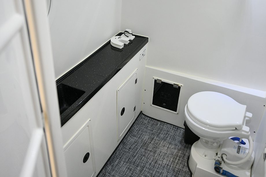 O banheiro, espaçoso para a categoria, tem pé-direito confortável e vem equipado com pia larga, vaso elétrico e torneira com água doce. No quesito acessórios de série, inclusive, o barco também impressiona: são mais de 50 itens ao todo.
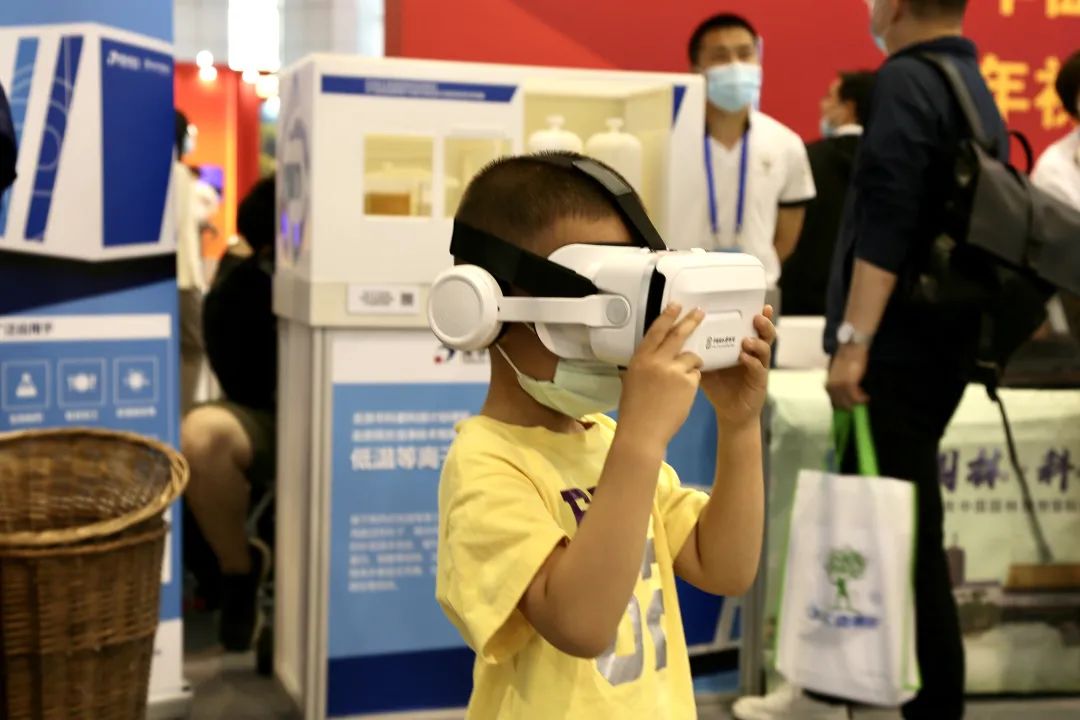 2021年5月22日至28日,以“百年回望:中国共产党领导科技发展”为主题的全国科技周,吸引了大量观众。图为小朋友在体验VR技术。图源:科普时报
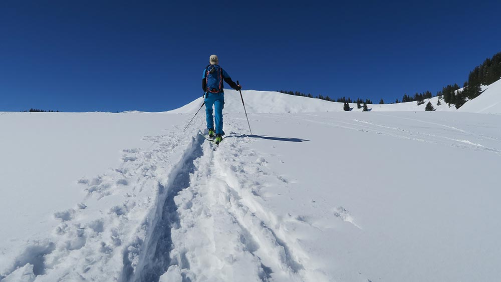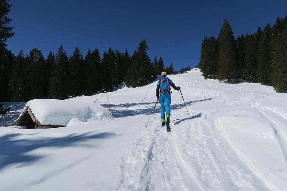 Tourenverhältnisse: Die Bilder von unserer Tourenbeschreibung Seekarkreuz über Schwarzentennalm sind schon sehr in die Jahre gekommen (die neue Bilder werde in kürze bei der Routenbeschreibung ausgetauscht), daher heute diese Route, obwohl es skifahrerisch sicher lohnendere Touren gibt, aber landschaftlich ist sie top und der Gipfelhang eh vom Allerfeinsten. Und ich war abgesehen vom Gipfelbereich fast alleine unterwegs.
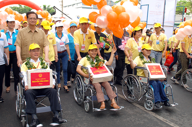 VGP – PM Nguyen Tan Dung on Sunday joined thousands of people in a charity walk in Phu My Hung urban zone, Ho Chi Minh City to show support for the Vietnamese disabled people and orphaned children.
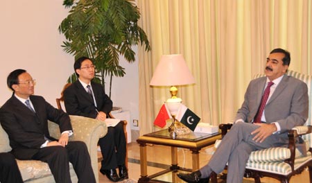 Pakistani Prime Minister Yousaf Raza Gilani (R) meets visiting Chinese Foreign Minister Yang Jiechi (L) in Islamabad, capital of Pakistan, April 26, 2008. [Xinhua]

◇ ◇ ◇ ◇

> HOW TO COMPLETE THIS TASK: Exactly repeat the material from its first line through the line with "2021年5月22日至28日", including both, and leave the pictures and everything else out.

> SOLUTION FOR THIS EXERCISE:
 O banheiro, espaçoso para a categoria, tem pé-direito confortável e vem equipado com pia larga, vaso elétrico e torneira com água doce. No quesito acessórios de série, inclusive, o barco também impressiona: são mais de 50 itens ao todo.
 2021年5月22日至28日,以“百年回望:中国共产党领导科技发展”为主题的全国科技周,吸引了大量观众。图为小朋友在体验VR技术。图源:科普时报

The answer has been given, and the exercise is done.